Мой последний выход на объект оказался самым запоминающимся.
Наша смена подходила к концу, практически все, кто выходил на крышу, уже вернулись. Я тоже только что отстрелялся и, отправив ребят спускаться вниз по лестнице, остался встречать последнюю группу из трёх человек. Вскоре появился один, затем секунд через десять другой. Пока по времени всё шло штатно. Вот тут-то и произошло непредвиденное. Последний замешкавшийся член группы, заметив, что отстаёт, слегка засуетился, рванулся вперёд и зацепился носком сапога за кусок выступающей бетонной плиты.

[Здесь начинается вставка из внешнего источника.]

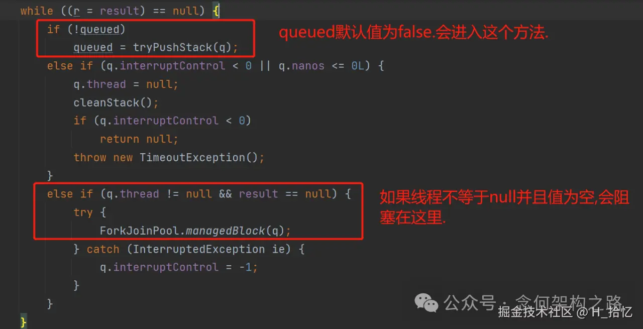 因为是主线程,不是forkjoinPool的线程.所以直接进入doWhile逻辑.

В общем, падение его было весьма чувствительным. Невооружённым взглядом было видно, что без серьёзной травмы там не обошлось. Он попытался встать, но это у него не получилось – скорее всего, плита сдвинулась и прижала ногу.
Времени на анализ ситуации не было. Решение возникло моментально, на уровне инстинкта – на ходу надевая респиратор, я выскочил на крышу.

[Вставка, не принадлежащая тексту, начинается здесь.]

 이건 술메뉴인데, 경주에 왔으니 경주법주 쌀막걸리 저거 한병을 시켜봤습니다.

Добежать до пытавшегося освободить ногу солдата, было делом нескольких секунд. Я помог ему слегка развернуться, после чего аккуратно сдвинул кусок плиты и вытащил застрявшую ногу. Парень стонал от боли. Чутьё врача подсказывало, что сломан голеностоп. Обхватив пострадавшего обеими руками, я подставил ему плечо, и вместе мы двинулись на трёх ногах к выходу с крыши.
Мысленным взором я отчётливо увидел скользящую по циферблату стрелку секундомера, отсчитывающую не только секунды пребывания на ядерном солнцепёке, но и всю мою дальнейшую жизнь. Добравшись в наших тяжеленных костюмах до безопасного места, мы минут десять не могли отдышаться.
Уехать домой в ближайшие дни мне так и не удалось. Мы оба схватили приличную дозу радиации и отправились отдыхать на больничные койки. К счастью, нам повезло, всё закончилось благополучно. Алексей, которому я помог выбраться со злополучной крыши, действительно сломал голеностоп, и его сразу после лечения должны были отправить домой. Сам я отбыл чуть раньше, и когда зашёл перед отъездом к нему попрощаться, он подарил мне на память секундомер, как символ того, через что нам вместе довелось пройти. Этот секундомер до сих пор со мной, и порою глядя на него, я вспоминаю ту, другую секундную стрелку, которая стояла перед глазами, когда много лет назад я тащил парня по крыше четвёртого энергоблока».